February 11th, 2008
Ellingson believes that would be to the nation’s detriment. He says that when the humble Apis mellifera, which constitutes 95 percent of the country’s crop pollinators (for produce as well as food for cattle feed), is in desperately slim supply, the government and mega-farms will finally act. But not until many commercial bee producers have already gone out of business.
“The beekeepers are considered a small player in agriculture production, but people just don’t see it. They don’t see the light. But they will,” he says.
Those concerns make continued research all the more essential (and, as it turns out, controversial) – not just as concerns CCD, which causes the most wide-spread devastation, but in relation to the dreaded, vampiric Varroa mite, which kills more individual bees than anything else, according to both Danny Weaver, president of the American Beekeeping Federation, and Pennsylvania State Apiarian Dennis vanEngelsvorp.
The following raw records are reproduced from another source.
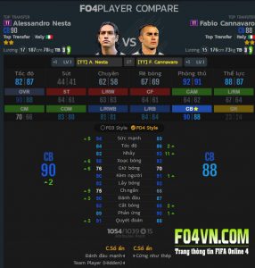 Cannavaro mặc dù thấp lùn những trong game anh lọt vào top 20 cầu thủ được an tâm tin dùng nhất trong xếp hạng, Nesta dù không được như vậy nhưng đừng quên anh cũng một cái tên top trung vệ của mùa giải TT. Không nhanh như chỉ số nhưng lại mạnh trong cản phá, điều mà cặp đôi này mang lại nhưng pha hất tung đối phương lên khỏi mặt đất. Hay những tình huống bọc lót nhau cực kỳ ăn ý. Điểm yếu nhất của cặp đôi này là bóng bổng thiếu sự ổn định.
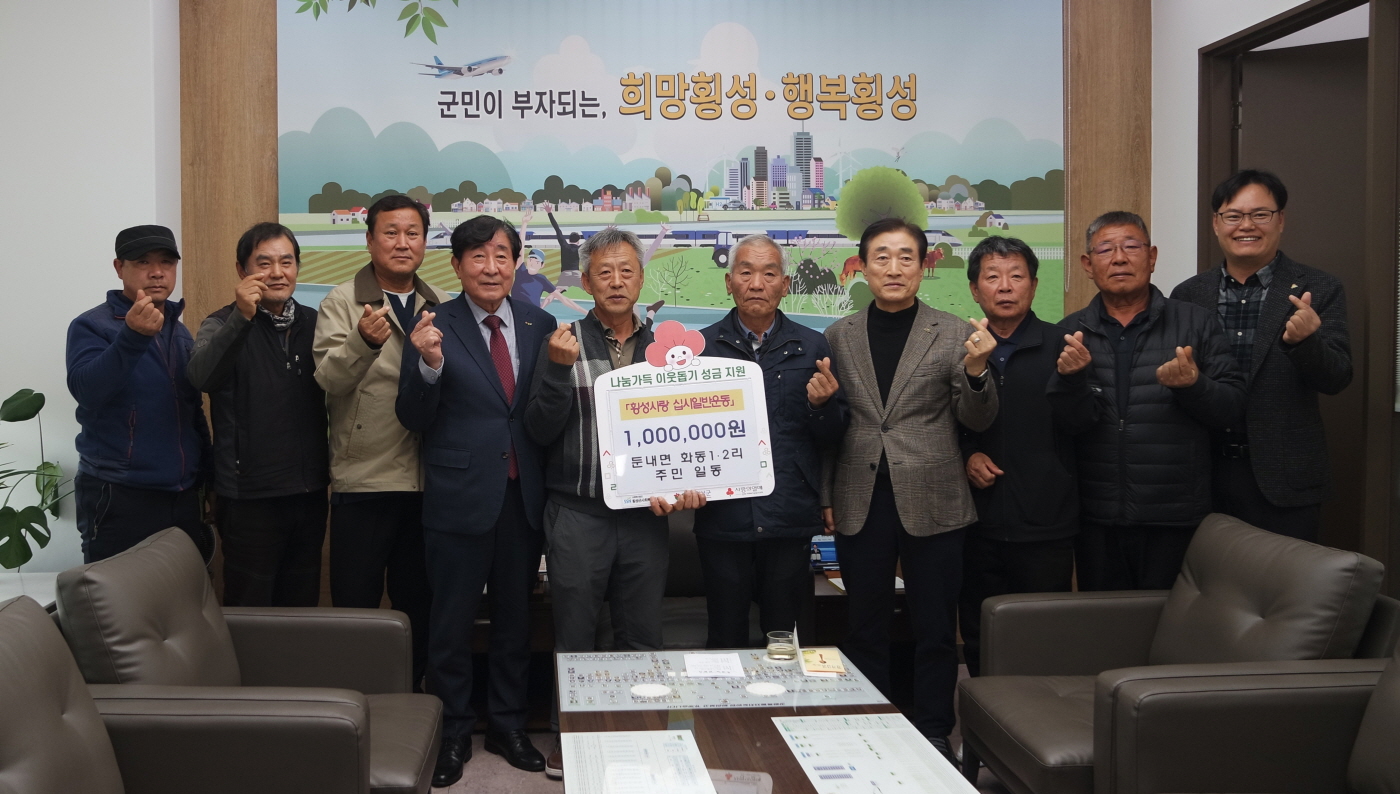 【둔내면 화동 1·2리 주민들】께서 『횡성사랑 십시일반운동』으로 성금을 기탁해주셨습니다. 소중한 후원 진심으로 감사합니다.
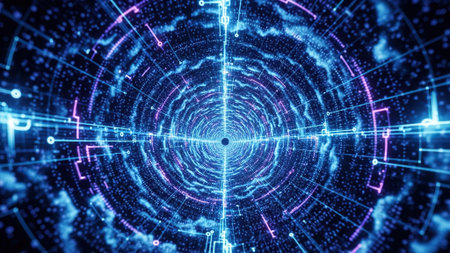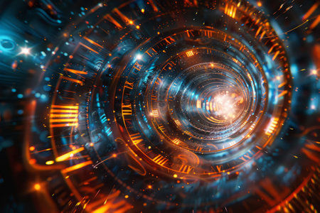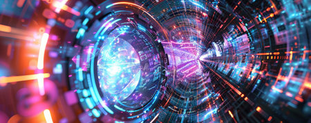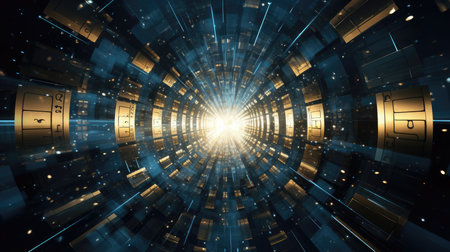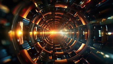 Vibrant abstract tunnel in space showcasing concept of relativity. Time-warp tunnel illustrating the impact of speed and gravity on the passage of time
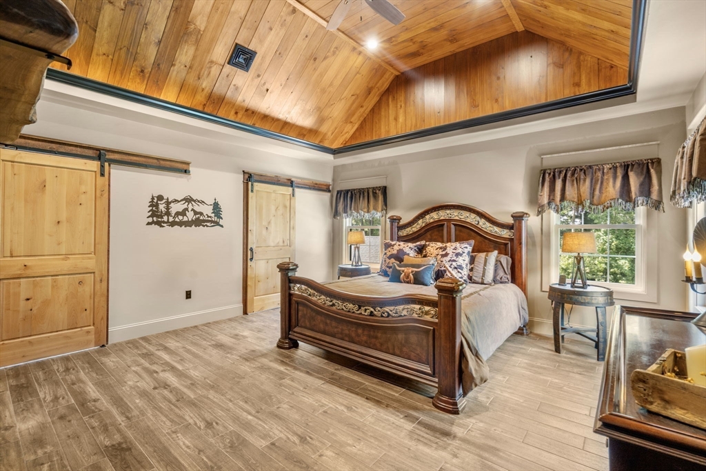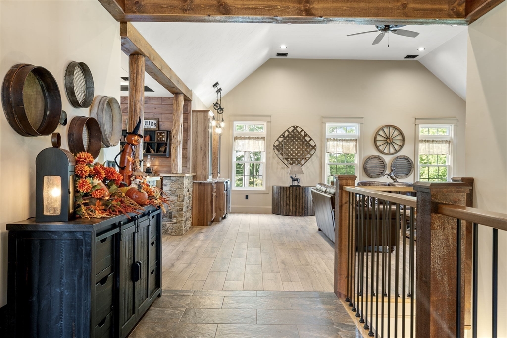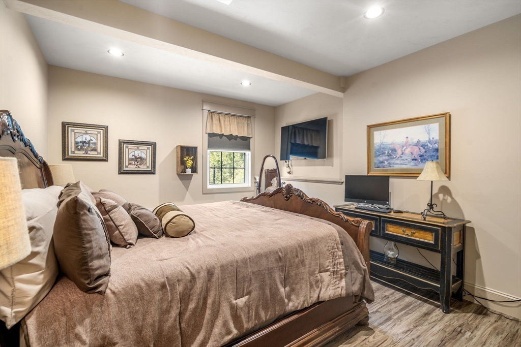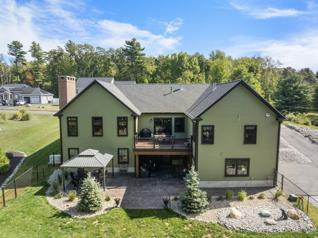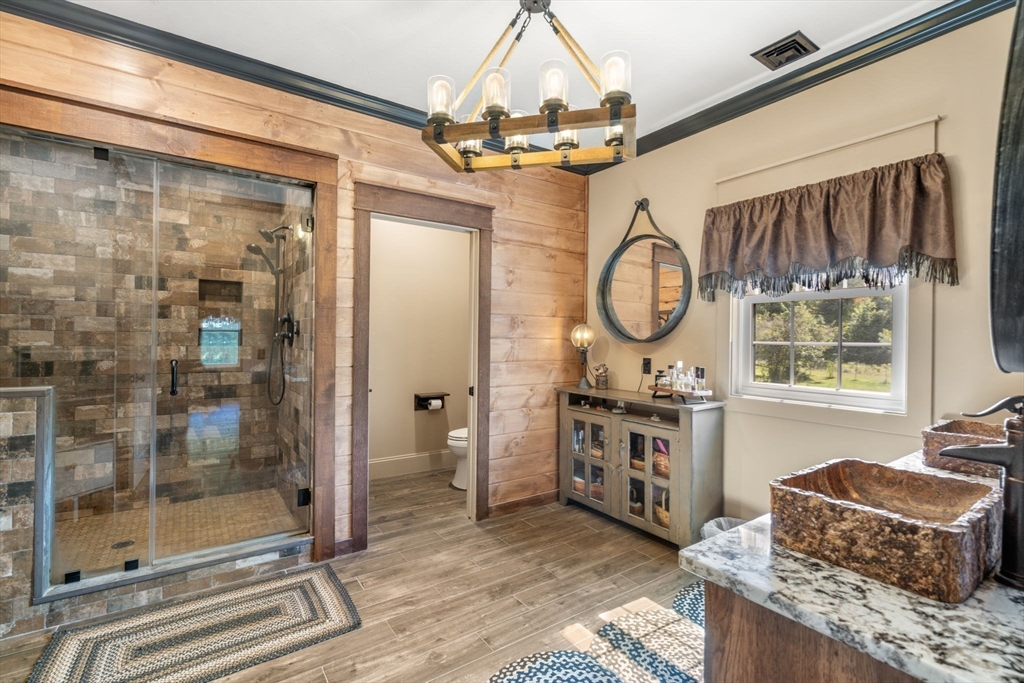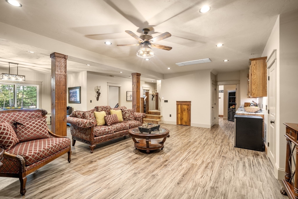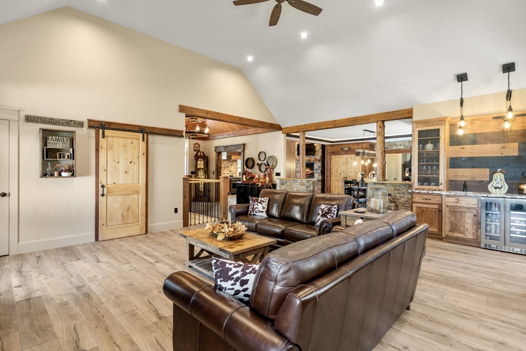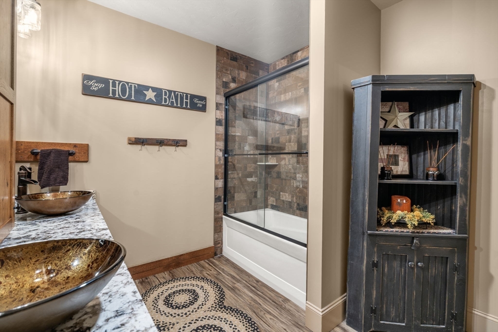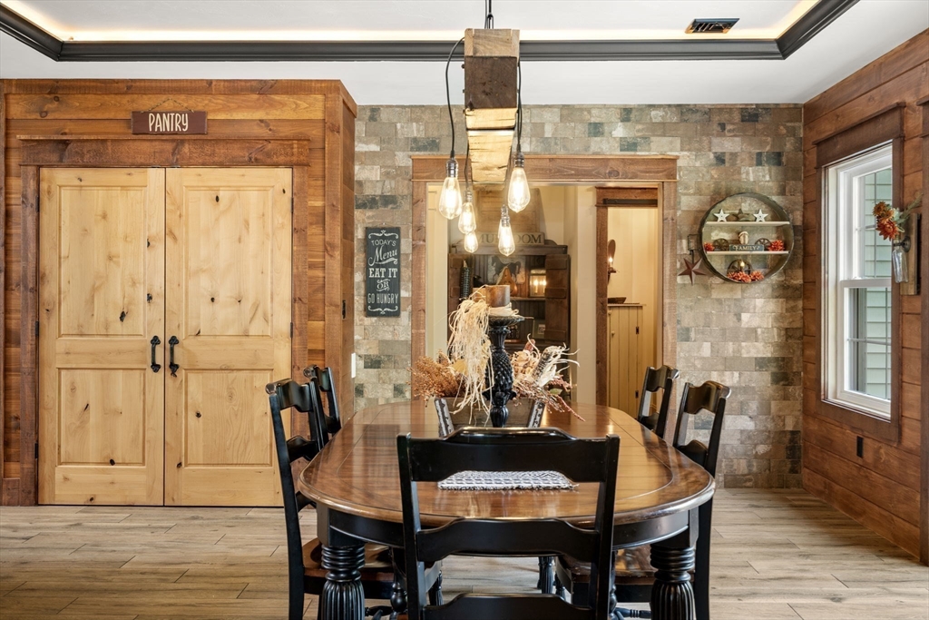 Step into this beautifully designed Craftsman-inspired colonial, showcasing over 4,100 sq ft of expansive, light-filled living space. Rich character flows throughout, from wood-like tile floors to a gourmet kitchen outfitted with a statement island and premium appliances. The airy living room boasts a dramatic fireplace and lofty ceilings, creating a warm and welcoming ambiance. Entertaining is effortless with a seamless layout connecting the dining area and main gathering spaces. The first-floor primary suite offers a serene retreat with dual walk-in closets and a spa-like bath featuring a walk-in shower and elegant double vanity. A versatile main-level office doubles as a fourth bedroom. The finished lower level feels like an extension of the home, complete with large windows and a sliding door, a generous family room with wet bar, dining nook, two more bedrooms, and a full bath. A dual-level garage adds convenience, while the covered patio opens to a private, fenced backyard oasis.

“If we want to see this industry survive, we need to have some answers to long-standing problems as well as the new ones,” vanEngelsvorp says. “We’ve been dealing with the Varroa mite for 25 years, and right now we don’t have good control measures for it. So there are some very concrete things that we need to do outside of CCD to keep bees healthy (the Farm Bill’s funding would address some of that). For instance, we don’t understand bee nutrition. … But CCD is really scary because you have that on top of Varroa. So you can do everything right to get rid of Varroa mites, and you still might be wiped out by CCD. … They could very well be linked, like smoking is linked to a lot of different health issues. It’s a real complicated problem.”
Meanwhile, entomologist Cox-Foster and key researchers like the USDA’s Jeff Pettis, Columbia University’s Ian Lipkin and others in Arizona and Champagne, Ill., continue the race for a cure.
In an interview last week, Cox-Foster said that her Penn State lab is seeing ever more convincing evidence of the IAPV link, based on an experiment begun in mid-January, which introduced the virus into healthy hives. And if the lab can indisputably link IAPV to CCD, that’s one big step toward solving the mystery.